Governor Charles Soludo of Anambra State and the 2023 presidential candidate of the Labour Party (LP), Peter Obi, have resumed their war of words over
Governor Charles Soludo of Anambra State and the 2023 presidential candidate of the Labour Party (LP), Peter Obi, have resumed their war of words over Obi’s pledge to serve for one term if elected Nigeria’s president in 2027.
On 29 June 2025, Obi declared his intention to contest in the 2027 presidential election in Nigeria.
The LP candidate, who served as governor of Anambra State from 2006 to 2014, pledged to serve for a four-year tenure if elected the country’s president in 2027.
In Nigeria, elected presidents are constitutionally entitled to a four-year tenure and also are also qualified to seek reelection for a second and final term.
In response, Soludo, a member of the All Progressives Grand Alliance, APGA, argued politicians who make such promises are mentally unstable.
The governor spoke on Saturday during a political rally held in Anambra South District in support of his second-term ambition.
Although he did not mention names, Soludo was apparently referring to Obi.
“How can anybody with a brain…You think you are talking to fools. You come to people and say, ‘I’ll do only one term.’
“Anybody, any politician who said that, must be sent to a psychiatric home,” he said.
The Anambra governor argued that, given that the country’s constitution allows for a second term, pledging to serve for one term is strange.
“Tell us where it has ever happened or who. Anybody who is saying this needs a psychiatric examination because you are taking every one of us to be a fool,” he stated.
In a statement posted on his official Facebook page on Sunday, Obi, reaffirmed his vowto serve only one four-year term if elected Nigeria’s president.
The LP candidate, without mentioning names, acknowledged cynicism of some Nigerians including Mr Soludo towards his one term pledge.
“Recently, I became aware of two statements aimed, albeit indirectly, at my vow to serve only a single four-year term. One person remarked that even if I swore by a shrine, I still wouldn’t be believed. Another suggested that anyone talking about doing only one term should undergo psychiatric evaluation,” he said.
Obi said their scepticism was because they were judging him by their own standards – where political promises are made to be broken.

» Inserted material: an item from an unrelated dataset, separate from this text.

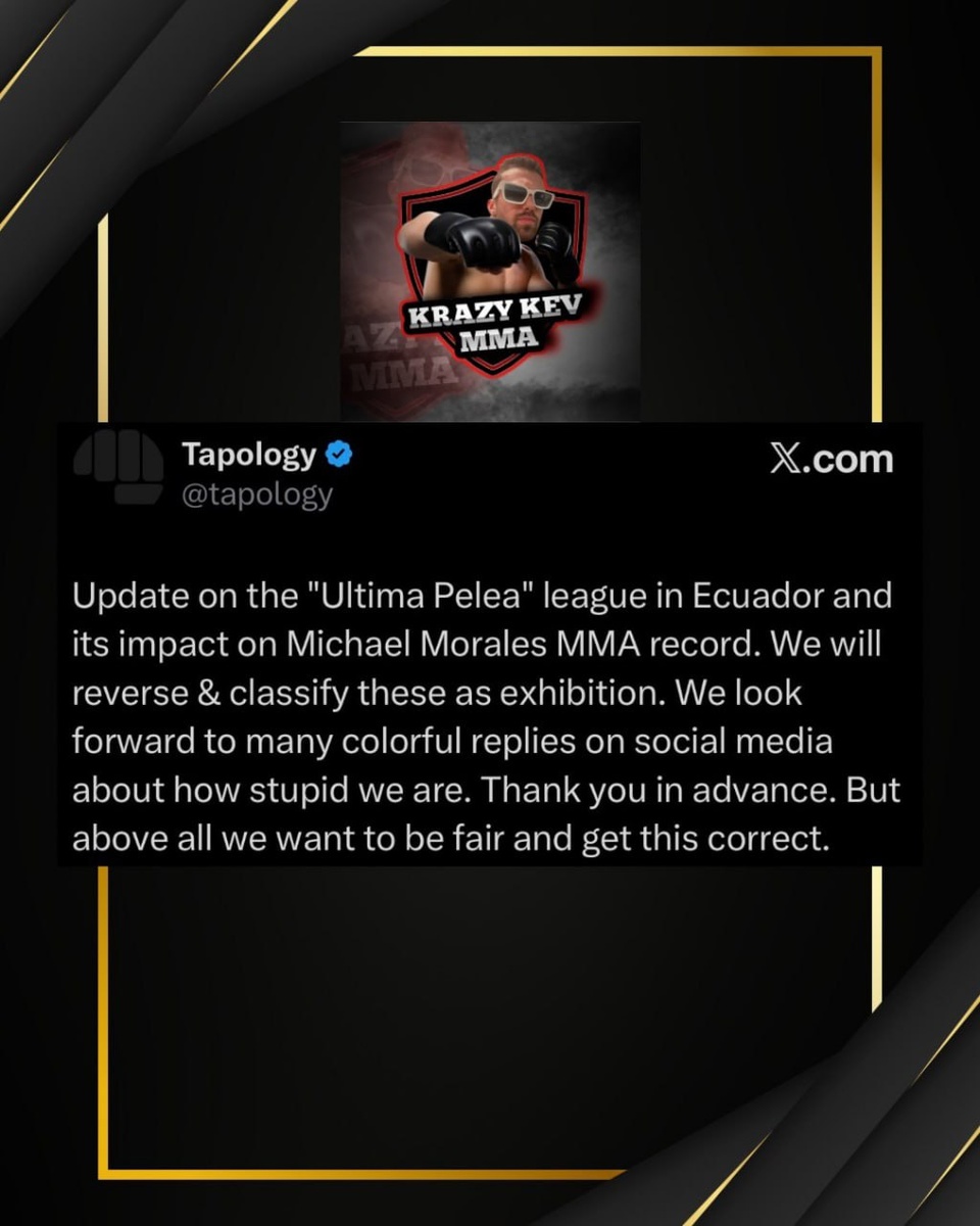 🚨 Майкл Моралес снова непобеждённый Сайт Tapology вновь обновил рекорд бойца UFC Майкла Моралеса. Два поединка, про которые все говорили сегодня, все-таки были перенесены из профессиональной статистики в любительскую карьеру, после чего его рекорд на ресурсе снова стал 19–0. Таким образом, Моралес вновь числится непобеждённым бойцом в профи. 👊 Подпишись на Meta MMA | Meta MMA в MAX | Наш канал в ВК

“But they forget, or perhaps choose to ignore, that Peter Obi is not cut from that cloth,” he stated.
Responding to Soludo’s comments, the former governor said: “If making such a (one term in office) promise qualifies me for psychiatric evaluation, then we may as well question the mental fitness of those who framed our constitution, which clearly stipulates a four-year renewable tenure.”
This is not the first time Obi and Soludo would engage in a war of words.
In late 2022, Soludo predicted that Obi would not win the 2023 presidential election, citing lack of political structure and poor voting strength of the South-east, where the LP candidate hails from.
The Anambra governor also claimed the value of investments made by Obi while he was the governor of the state was “worth next to nothing.”
But responding days later, Obi said although investments are bound to go up and down, a company where he made some of the investments as governor was still in business and has provided job opportunities to several residents of the state.
“I have done my little own as a trader, now the professor is there. He will do his own as a professor. The schools I didn’t roof, he will roof them. That’s how government goes,” the LP candidate had added.